Anma let out a long breath and lowered her pistol. “Yes, Bats. All good.”
She brought out her own brace from her belt and shuffled towards Pisha and Bandages.
Right. Bandages.
Pisha glanced at the unconscious intruder. Her chest rose up high and fell down low peacefully, her soft breaths fluttering the bandages wrapped around her delicate face.
She was a strange one. Asleep, the girl looked as harmless as a doll. In reality, she’d nearly killed them, but had the nerve to act like it was all one big accident.
She wasn’t anything like Moroya’s other goon, though. Nothing like that swordsman. It was almost like she genuinely didn’t want to hurt them.
Too weird. Her gaze wandered towards the staircase, and the gory mess Bandages had left behind.
Decent intentions or not, C.B. was dead. Bonnie was in rough shape, too. They weren’t good people by any stretch, but it was never her call whether they lived or died.
Anma stopped just before Bandages. She clipped the brace around her neck, then dialed her muzzle and warped the abandoned briefcase to her side.
That briefcase. Bandages had mentioned something about Moroya and a device. That must’ve been the reason she was there in the first place.
She'd be lying if she said she wasn’t a little curious about what was inside. But I guess we’ll find out soon enough.

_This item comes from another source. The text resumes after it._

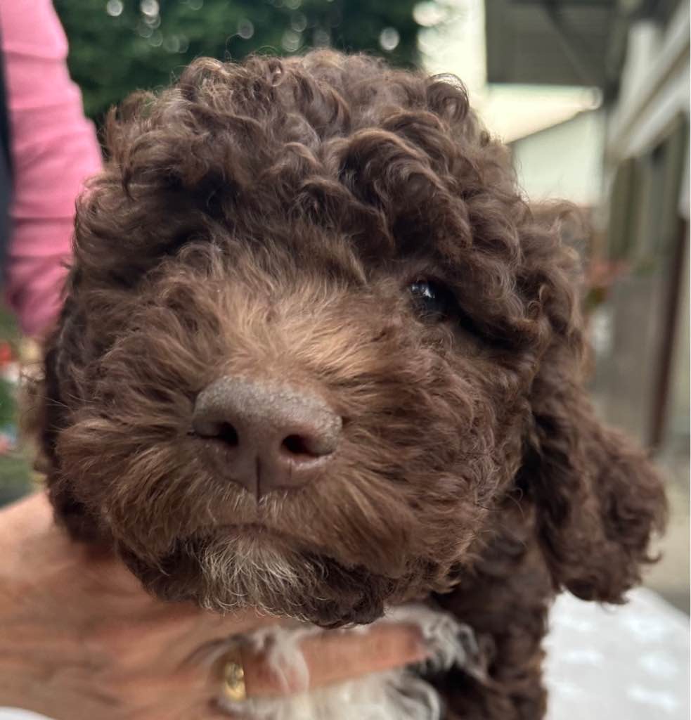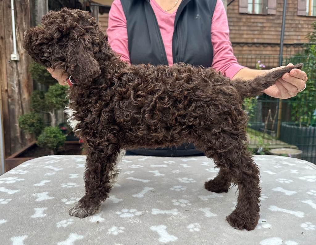 Farbe: Bianco-Marrone, Fell-Typ: Gelockt, Fell-Muster: Normal

Pisha lifted a hand in front of Anma, but Anma stared at her palm like she’d held up the middle finger instead.
“High five?” Pisha asked.
Suddenly, the glass skylight shattered. Starry light bled into the archive room as a hollow crack echoed through it like a three-story cavern. Three figures dropped through the falling debris. They shot towards the floor of the first story like falling anvils, slowing down only inches before landing. Right in front of Anma and Pisha.
Anma’s pistol flared. It lit up the man closest to them in an orange blaze. But he was already ducking as the bullet reached him, moving like he’d seen it coming. By the time the final fragment of the ceiling tumbled to the ground, one of them had reached Pisha.

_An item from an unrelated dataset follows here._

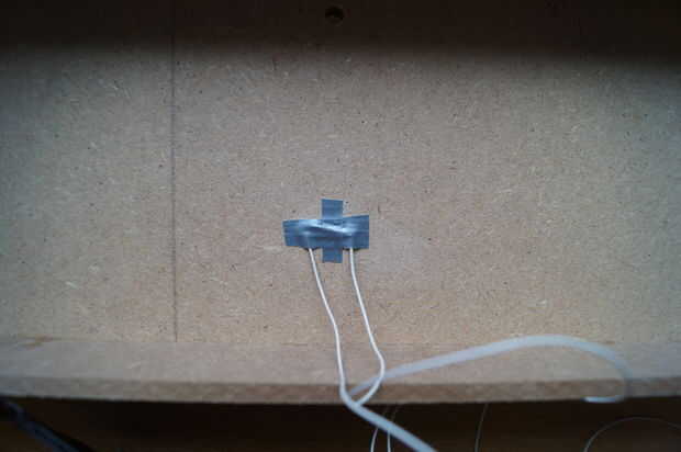 A continuación, puede poner en los contactos reed y utilizar alguna cinta adhesiva para fijar los cables en la parte inferior.

It was a face she could never forget. Not after Koto. Moroya.
Their hand landed on her shoulder. “Visible.”
Instantly, night seemed to overtake the room as the entire space dimmed. Moroya vanished and was replaced by a human-shaped, black void of light. Their silhouette swirled and distorted in front of her. It was like she was looking right through them.
They’re—Why’re they?—
Bats landed on the first floor and joined them as Anma fired again. From behind her glasses, her eyes darted across the room. The remaining two intruders’ weapons disappeared, glass shards warping into existence in their place. Bats didn’t miss a beat before bounding towards the strangers.

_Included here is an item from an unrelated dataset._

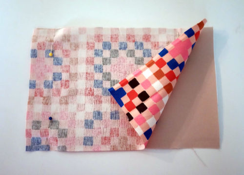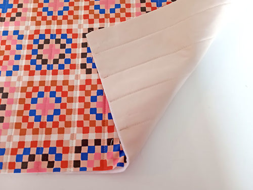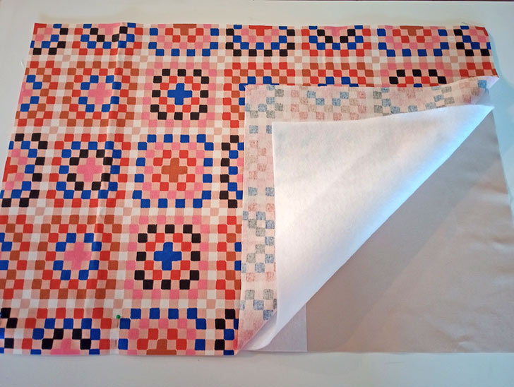 - Place the lining panel wrong side up (interfacing panel side up) and flat on your work surface. Place the fusible fleece panel on top of the lining. All four edges should be flush. If using one-sided fusible, the fusing side should be facing down against the lining. Following manufacturer’s instructions, fuse in place.

Moroya slid a cold arm around Pisha’s neck. “That’s enough. We wouldn’t want any harm befalling our Pisha, would we?”
* * *
Intercity Excursion Force, Case File #13
Subject: Muzzles.
Description:
Research into Othered suppression had been ongoing since the Takae Institute’s inception, although the first mass-produced muzzle was not designed until the early 2010’s. This initial iteration was utilised primarily within Special Advancement Centers.
In 2015, the Association for Othered Advancement unveiled the second-generation of muzzles, facilitating the reintegration of Othered into Japanese society. By 2025, the integration of Large Learning Models (LLMs) allowed these devices to actively inhibit the neurological processes enabling Othered abilities.